_AIM OF THE EXERCISE_. Each line from the one containing "虫喰いだらけの古材です。経年" through the last line of the records is to be repeated exactly, with all pictures left out.
== Segment start ==
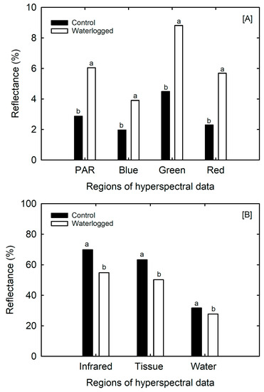 Effect of waterlogging on regions of the hyperspectral curve of soybean leaf, (A) PAR = 400–700 nm, blue = 400–520 nm, green = 520–600 nm, and red = 630–690 nm) and (B), infrared = 760–900 nm, tissue = 900–1350 nm, and water = 1600–1850 nm, associated with leaf physiological characters. Data are mean ± S.E. (n = 15). The lowercase letters indicate a significant difference at p < 0.05.
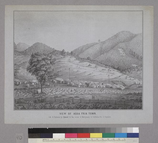 Image of a village nestled in a ravine. There are several oxen-drawn carts and horsemen in the foreground and sparse tall trees on the low hills in the background. "Lith. & Published by Quirot & Co. corner Montgomery & California Sts. S. Francisco."--text, below image. Paper color: gray.
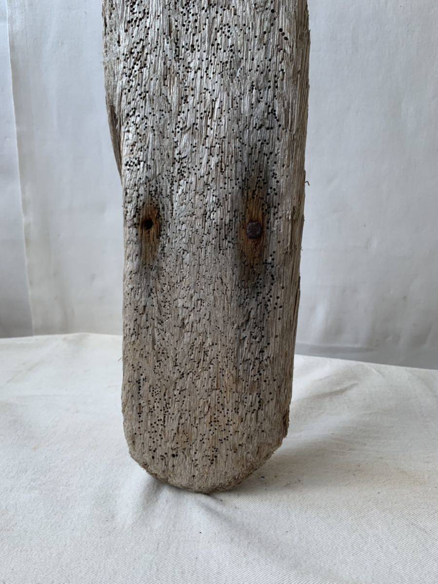 虫喰いだらけの古材です。経年の雰囲気が良く出ており、展示台や、プリミティブなオブジェとして飾って頂くと素敵だと思います。
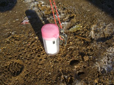 LED 自体の明るさは貧弱なのだがプラスチックのホヤとアルミテープ反射鏡のおかげでペグマーカーとしては十分実用的であることが確認できた。(もっとも、視認性の面では醤油さしをケースに使用した前作
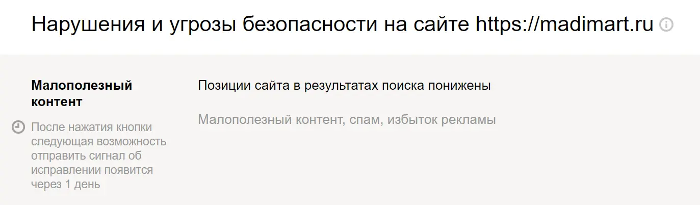 В 2022 году Madimart попал под фильтр «Малополезный контент». Для боевого проекта это стало бы серьёзным ударом и сигналом к немедленному пересмотру стратегии. Но в нашем случае это было ожидаемым и даже полезным результатом. Цель Madimart с самого начала заключалась в тестировании границ алгоритмов и выявлении триггеров, которые вызывают санкции.
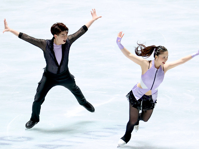 アイスダンスRDの4番滑走として登場したのは昨年の全日本王者であり、「うたまさ」の愛称で知られる吉田唄菜(木下アカデミー)・森田カップル。五輪代表最終選考を兼ねた今大会に、出場組の中で唯一の五輪参加資格を有する2人には、代表権獲得への大きな期待がかかる。プログラム『Stomp to My Beat』のビートに乗せたダンスで演技をスタートさせると、会場はすぐさま大きな手拍子に包まれた。持ち味のスピード感を存分に発揮した疾走感溢れるツイズルでは、最高評価のレベル4を獲得。流れるような一心同体のステップで、観客をさらに引きつけた。曲のスピードに合わせより加速した演技の中でも、正確なエッジワークを見せる。あうんの呼吸でローテーショナルリフトをこなし、終始キレのあるダンスで演技を貫き、68.78点をマーク。1位につき、王者としての貫禄を見せつけた。「今自分たちができる及第点の演技ができた」(森田)。演技を振り返り語った。
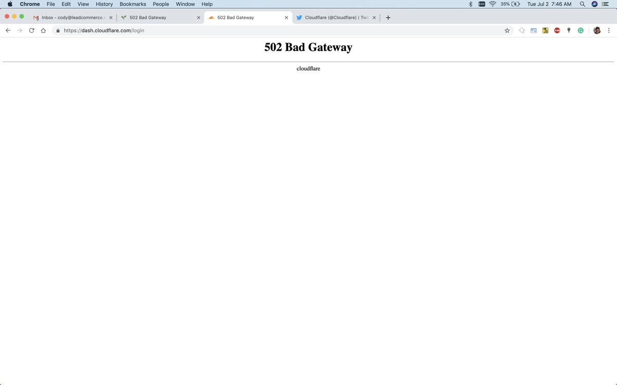 @Cloudflare Are you all down? I am getting a 502 error when hitting my sites? see imagepic.twitter.com/2lknf6l3v0
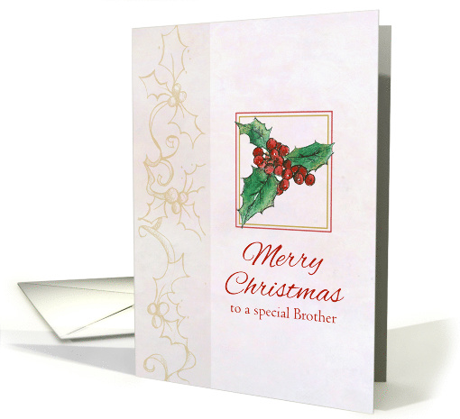 Merry Christmas to a special brother greeting card featuring a botanical drawing of holly leaves and berries in pen and ink with watercolor with holly sketches in the border on an off white background.
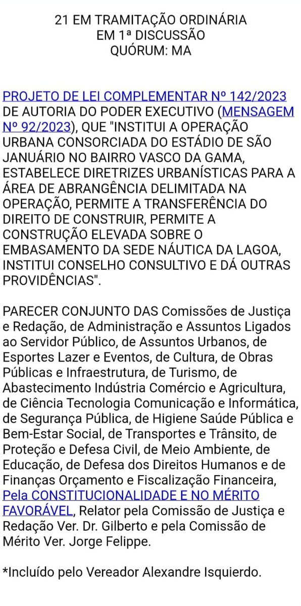 O Expresso 1923 teve acesso à pauta de votação da Câmara Municipal do Rio de Janeiro, que será publicada no Diário Oficial do Município nesta segunda, dia 3. Lá está inserido o Projeto de Lei Complementar No. 142/2023, conhecido como o PL do Potencial Construtivo de São Januário, que permitirá ao Vasco vender sua capacidade de construção de prédios altos no terreno de SJ, e com isso levantar até R$500 milhões para a reforma de nosso estádio.
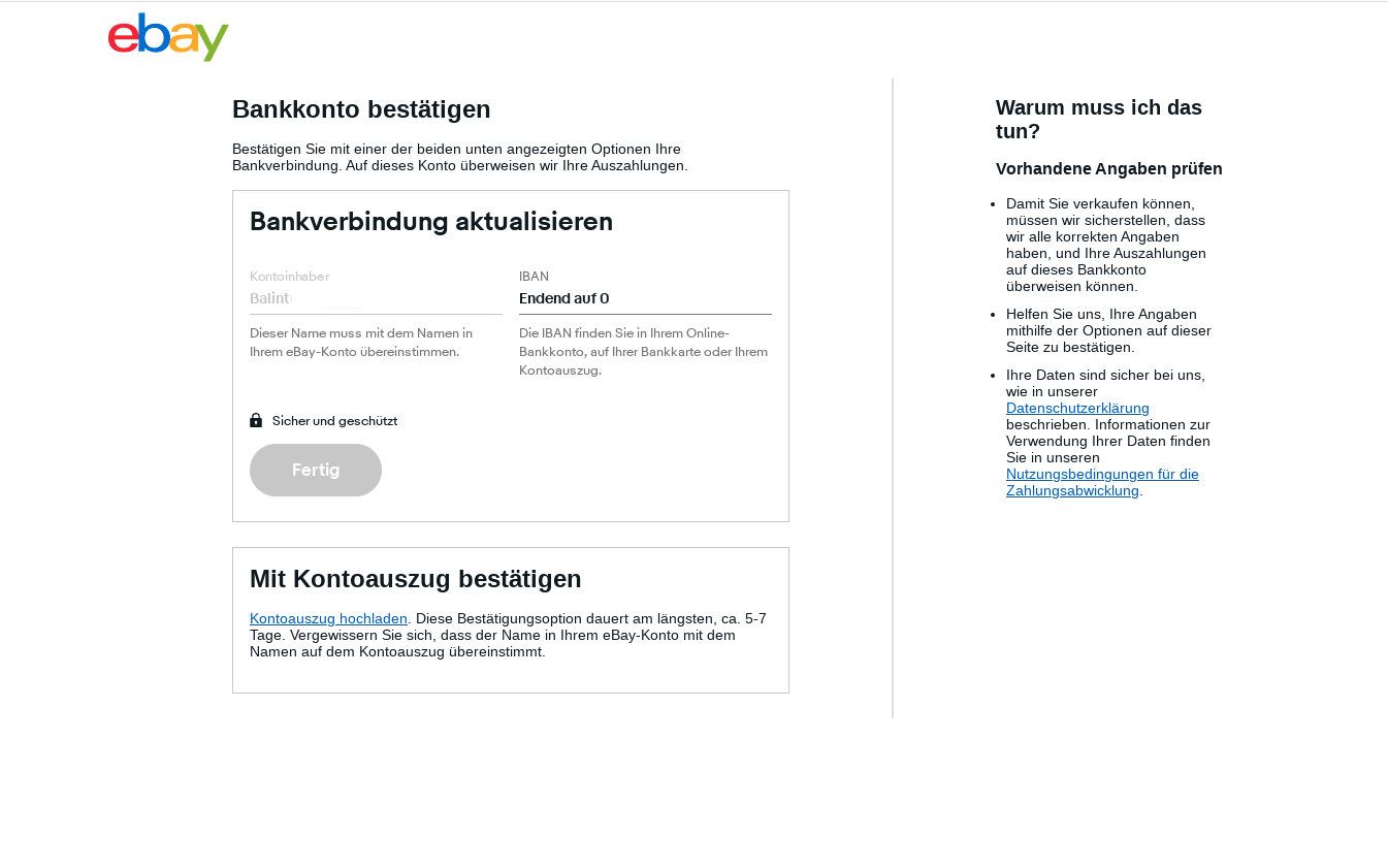 a Zahlungen részhez a Auszahlungseinstellungen oldalra kerültél és ahol a megerősítés módjaiból kellett választani?Ha megnézed a neved alatti menüben a
== Segment end ==
_RESPONSE_.
 虫喰いだらけの古材です。経年の雰囲気が良く出ており、展示台や、プリミティブなオブジェとして飾って頂くと素敵だと思います。
 LED 自体の明るさは貧弱なのだがプラスチックのホヤとアルミテープ反射鏡のおかげでペグマーカーとしては十分実用的であることが確認できた。(もっとも、視認性の面では醤油さしをケースに使用した前作
 В 2022 году Madimart попал под фильтр «Малополезный контент». Для боевого проекта это стало бы серьёзным ударом и сигналом к немедленному пересмотру стратегии. Но в нашем случае это было ожидаемым и даже полезным результатом. Цель Madimart с самого начала заключалась в тестировании границ алгоритмов и выявлении триггеров, которые вызывают санкции.
 アイスダンスRDの4番滑走として登場したのは昨年の全日本王者であり、「うたまさ」の愛称で知られる吉田唄菜(木下アカデミー)・森田カップル。五輪代表最終選考を兼ねた今大会に、出場組の中で唯一の五輪参加資格を有する2人には、代表権獲得への大きな期待がかかる。プログラム『Stomp to My Beat』のビートに乗せたダンスで演技をスタートさせると、会場はすぐさま大きな手拍子に包まれた。持ち味のスピード感を存分に発揮した疾走感溢れるツイズルでは、最高評価のレベル4を獲得。流れるような一心同体のステップで、観客をさらに引きつけた。曲のスピードに合わせより加速した演技の中でも、正確なエッジワークを見せる。あうんの呼吸でローテーショナルリフトをこなし、終始キレのあるダンスで演技を貫き、68.78点をマーク。1位につき、王者としての貫禄を見せつけた。「今自分たちができる及第点の演技ができた」(森田)。演技を振り返り語った。
 @Cloudflare Are you all down? I am getting a 502 error when hitting my sites? see imagepic.twitter.com/2lknf6l3v0
 Merry Christmas to a special brother greeting card featuring a botanical drawing of holly leaves and berries in pen and ink with watercolor with holly sketches in the border on an off white background.
 O Expresso 1923 teve acesso à pauta de votação da Câmara Municipal do Rio de Janeiro, que será publicada no Diário Oficial do Município nesta segunda, dia 3. Lá está inserido o Projeto de Lei Complementar No. 142/2023, conhecido como o PL do Potencial Construtivo de São Januário, que permitirá ao Vasco vender sua capacidade de construção de prédios altos no terreno de SJ, e com isso levantar até R$500 milhões para a reforma de nosso estádio.
 a Zahlungen részhez a Auszahlungseinstellungen oldalra kerültél és ahol a megerősítés módjaiból kellett választani?Ha megnézed a neved alatti menüben a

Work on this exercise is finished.